Ari’s expression was blank, unreadable, not quite empty.

Ziva’s dark eyes flashed. “You know he is not well. You must have provoked him.”

“I did not,” Kate spat. “Your brother ain’t right in the head and we all know it.”

Ducky shuffled out of his quarters, blinking owlishly without his glasses. “Please, can a man not have peace to rest?”

Kate pointed her pistol at Ari, who ducked his head and clung to Ziva’s back. “He was in my bunk. He tried to kill me.”

“He did not mean it,” Ziva said. “He was having a - bad dream.”

“Or maybe a good dream,” Tony drawled.

Everyone turned.

Tony stood at the entrance to the crew quarters, one hand in the pocket of his suit, looking boyishly handsome, hair perfectly coiffed and not like he’d just rolled out of someone else’s bed, which they all knew he had. He looked Kate up and down. “I’ve always said you’re pretty easy on the eyes, and poor Ari, locked away in that school of his -”
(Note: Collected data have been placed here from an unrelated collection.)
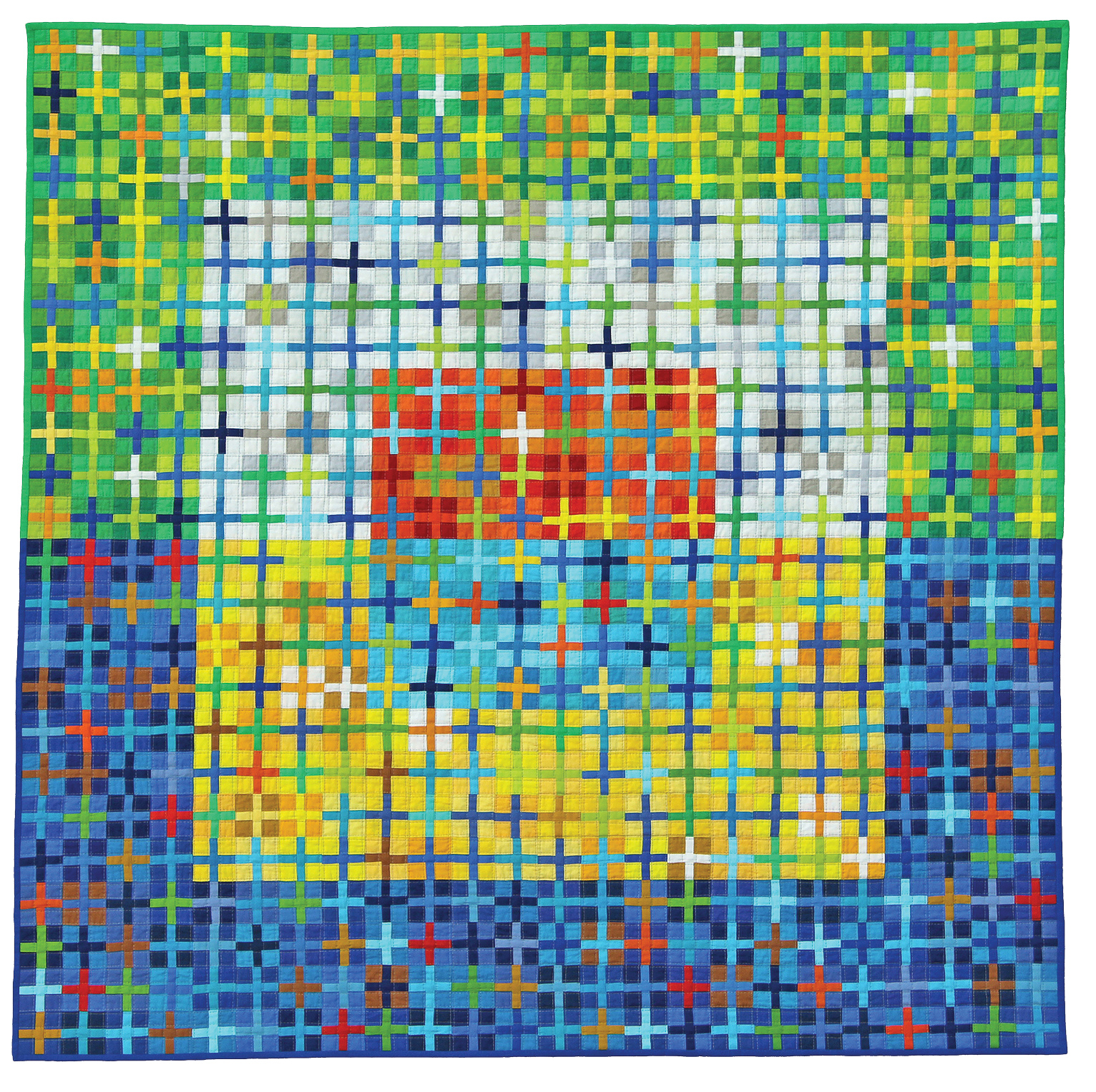 Cotton, artist created solid dyed fabrics, thread, cotton batting, artist created batik whole cloths machine pieced on the back.
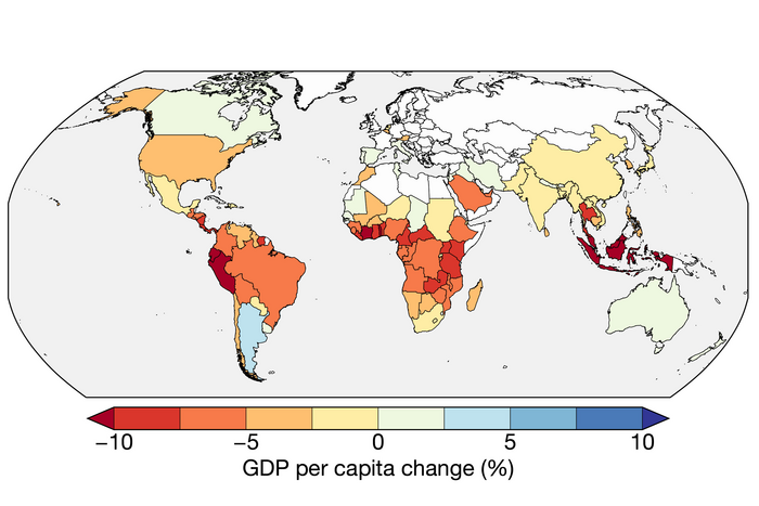 Peer-Reviewed PublicationIMAGE: BY 2003, LOWER-INCOME TROPICAL NATIONS HAD EXPERIENCED THE GREATEST RESIDUAL LOSSES ON GROSS DOMESTIC PRODUCT (GDP) AS A RESULT OF THE 1997-98 EL NIÑO. THE COLOR SCALE INDICATES PERCENTAGE SHIFT IN GDP AS A RESULT OF THE 1997-98 EL NIÑO, FROM THE HIGHEST GAIN (BLUE) TO THE HIGHEST LOSS (RED). view more
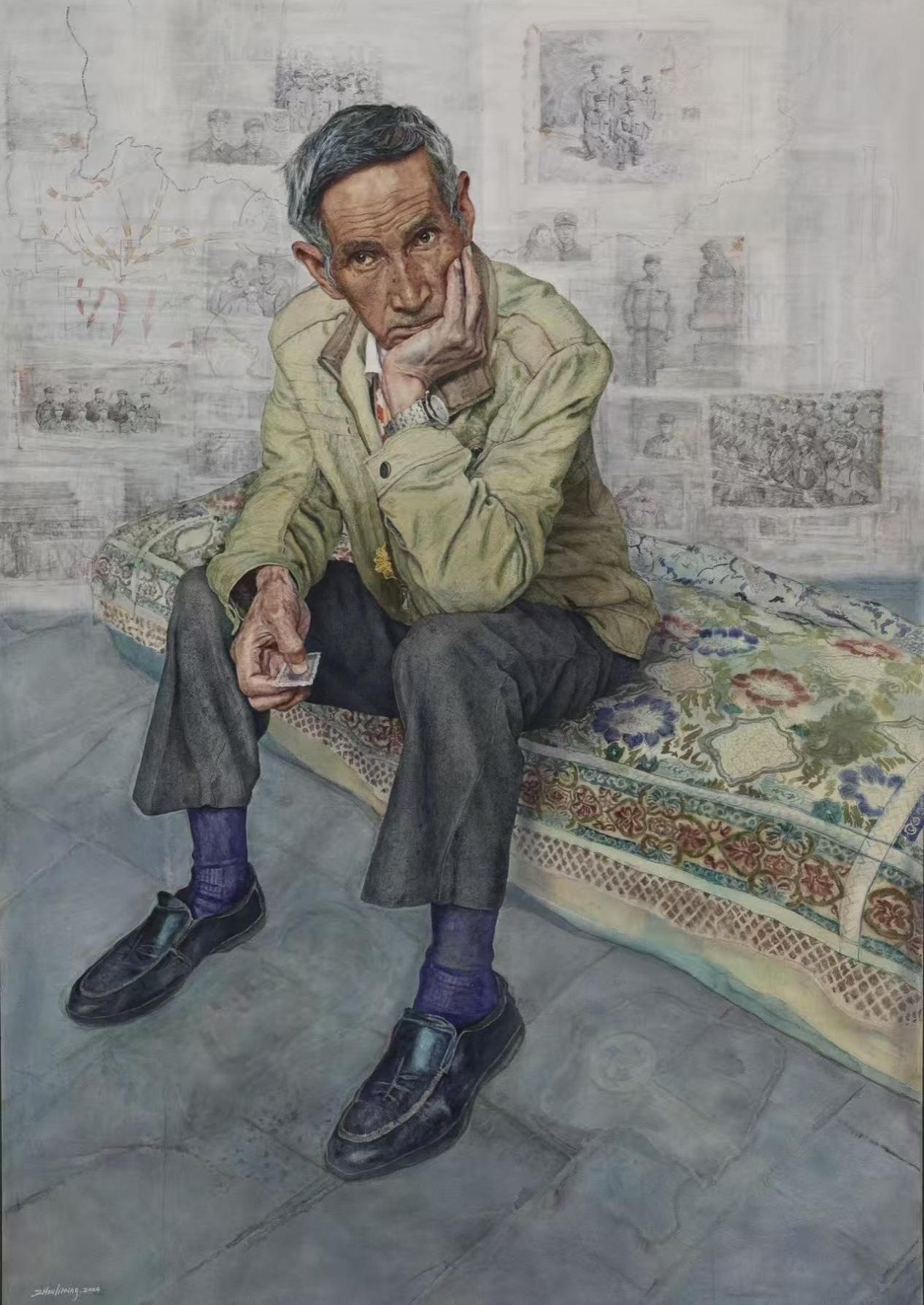 《军旅如歌——一名彝族老兵的青春回忆》 165×115cm 纸本水彩 2024年 周立明

“They were experimenting on him,” Ziva cut in sharply.

“He probably didn’t get to see any fine specimens such as yourself,” Tony fished. “Give the kid a break.”

Gibbs had chosen Kate as his first mate because she’d served honorably in the war, not because she was pretty.

But no one - least of all Gibbs - was oblivious to the fact that all of the women on his ship were beautiful. Every single one of them, from Abby the cheerily macabre mechanic to Kate to Ziva, who officially acted as one of the crew’s hired guns (but had, Gibbs knew, extensive combat training from the most frightening special and classified forces in the Alliance).

The most beautiful of the entire crew was Tony. He had his wooden box of tea implements tucked against his hip, which meant he’d come here as soon as his shuttle had docked, alerted by the commotion. But he looked completely unruffled, as if he’d just happened to be strolling by.

Ari said, “I’m not a child.”

A furious flush rose in Kate’s cheeks.

Gibbs broke in. “Enough.” He looked at Ziva. “You keep your brother under control.” He looked at Kate. “You keep your pistol under control. Everyone else: bed. Now. We all have an early start.”

They were docked on Persephone, and Gibbs had never liked lingering on central planets any longer than necessary.

Abby nodded, wide-eyed, and ducked back into her bunk. Ducky withdrew and closed his door. McGee started to obey, but neither Kate nor Ziva were lowering their guns.

“That wasn’t a request,” Gibbs snapped.

Ari put a hand on his sister’s shoulder.

Kate finally lowered her pistol, and Ziva did the same, retreated to the space she shared with Ari, never turning her back. McGee heaved a sigh of relief, turned to his own quarters once both pistols were down.

Kate slammed the door to her quarters.

“Whose bed?” Tony asked. He and Gibbs were the only ones left in the corridor.

Tony looked good enough to eat, but it was his job to look like that.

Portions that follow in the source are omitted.